US President Donald Trump will work toward a “just and lasting peace” between Israel and the Palestinians, including the Palestinian aspiration of “self-determination” on his upcoming trip to the region, the White House said Friday.
US National Security Adviser H.R. McMaster told reporters during the daily press briefing that Trump will meet again with Palestinian Authority President Mahmoud Abbas, where the president will “express his desire for dignity and self-determination for the Palestinians.”
McMaster also said that Trump’s meetings with Israeli leaders would look to cement stronger ties between the two allies.
“With President (Reuven) Rivlin and Prime Minister (Benjamin) Netanyahu, he will reaffirm America’s unshakable bond to the Jewish state,” he said.
Throughout the trip, Trump will “demonstrate his hopes for a just and lasting peace,” he added.
Trump’s visit to Israel, which was officially announced last week, will take place from May 22 to 23 — just before Jerusalem Day — after stopping in Saudi Arabia and before he goes on to the Vatican. He will also travel to Brussels and Sicily for NATO and G7 summits on the final leg of his first foreign trip.
There has been speculation since Trump’s travel plans were announced that he would seek to facilitate a trilateral meeting with Netanyahu and Abbas.
Palestinian Authority President Mahmoud Abbas met with Russian President Vladimir Putin at the Sochi resort in Western Russia on Thursday, and said that solving the Israeli-Palestinian conflict will be “impossible” without the participation of Moscow in the peace process.
“It is impossible to solve the Palestinian issue without Russia’s meaningful participation in the peace process.

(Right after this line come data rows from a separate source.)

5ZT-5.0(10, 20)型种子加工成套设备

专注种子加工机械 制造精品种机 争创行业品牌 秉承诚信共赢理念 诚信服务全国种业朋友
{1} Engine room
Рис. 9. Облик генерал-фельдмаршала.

That is what we have been emphasizing at all international meetings,” Abbas said in his meeting with Putin, according to the official Russian State news agency Tass.
Putin said Russia “will continue to give its full support to the resumption of direct dialogue between Palestinians and Israelis.”

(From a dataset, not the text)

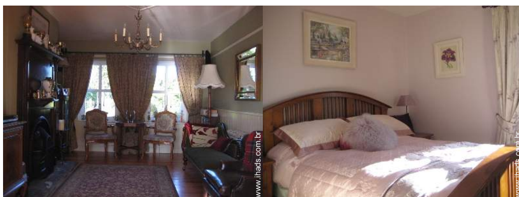
cama(s) de casal
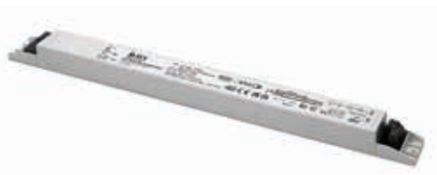
DC 70W 24V SLIM R DALI

“The peaceful coexistence of the two states — Palestine and Israel — is an indispensable condition to ensure genuine security and stability in this region,” Putin said.
Abbas, according to a report in the official PA news site Wafa, also reiterated that he is still willing to participate in a three-way summit with Prime Minister Benjamin Netanyahu in Moscow.

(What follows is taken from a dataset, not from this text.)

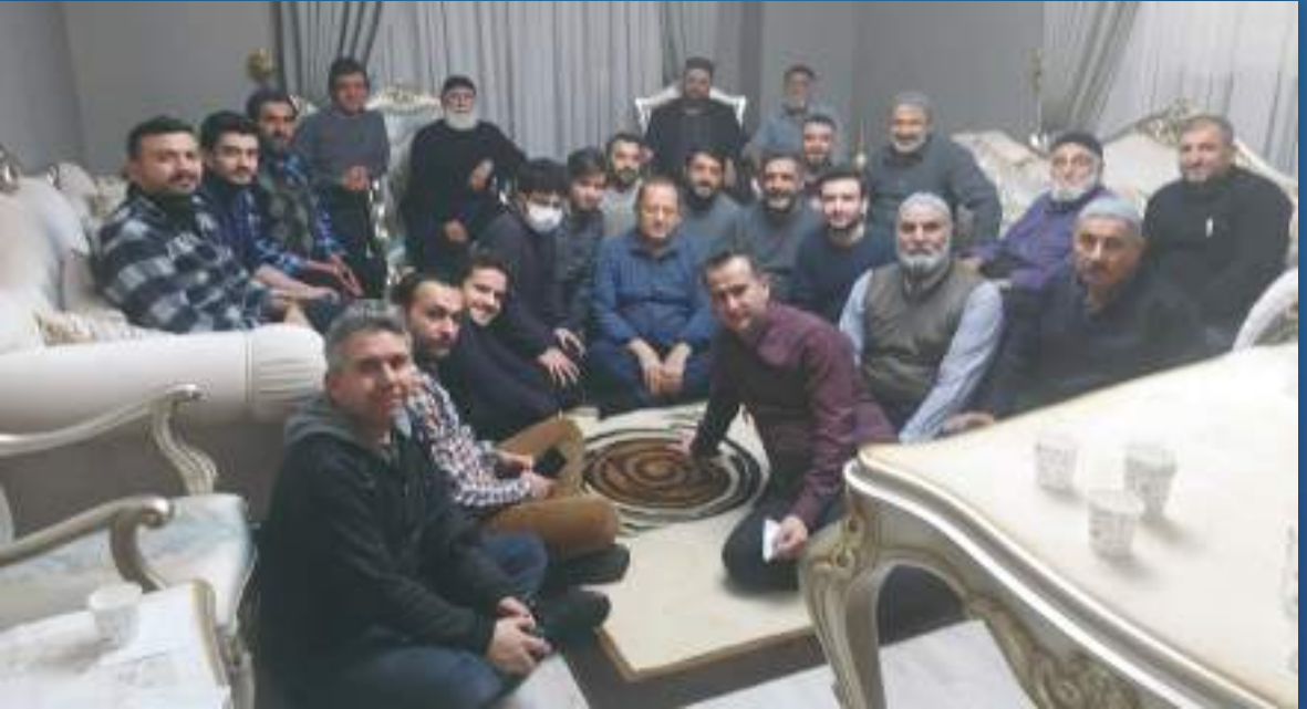
23 Aralık 2021 Kahramanmaraş Ziyareti

“We are ready to accept this invitation at anytime,” Abbas said.
Abbas Foreign Affairs Adviser Nabil Shaath told The Times of Israel on Monday that while the Palestinians are embracing a new round of US-backed talks, they are still committed to working with the wider international community to attain their goal of an independent Palestinian state based on 1967 borders.
Palestinians vote in municipal elections on Saturday, but only in the West Bank and not the Gaza Strip, illustrating the persistent inability of rival movements Fatah and Hamas to overcome deep divisions.
The West Bank and the Gaza Strip — the two territories that would in theory form an independent Palestinian state — have not participated in an election together since 2006.
The terror group Hamas has run Gaza since seizing control in 2007, while President Mahmoud Abbas’s more moderate, Fatah-led Palestinian Authority has controlled the West Bank. A near civil war erupted between the two sides with Hamas’s violent Gaza coup a decade ago, after Israel had unilaterally withdrawn from the Strip in 2005.
Their failure to reconcile is seen as a major obstacle to any settlement of the Israeli-Palestinian conflict.
Saturday’s vote for some 300 municipal councils in the West Bank has been seen as yet another sign that reconciliation may be a long way off.
Hamas swept Palestinian parliamentary elections in 2006 but the international community refused to deal with any government in which it participated until it renounced terrorism and violence and recognized Israel and past peace agreements. Hamas has refused to do so, and remains committed to Israel’s destruction.
Abbas, whose term was meant to end in 2009 but who has remained in office with no election held, has grown unpopular among Palestinians, but he remains their leader in the eyes of the world.
He met US President Donald Trump in Washington on May 4 and is expected to do so again when Trump travels to the Middle East later this month.
Speculation has intensified over who will eventually replace the 82-year-old, who has not publicly designated a successor.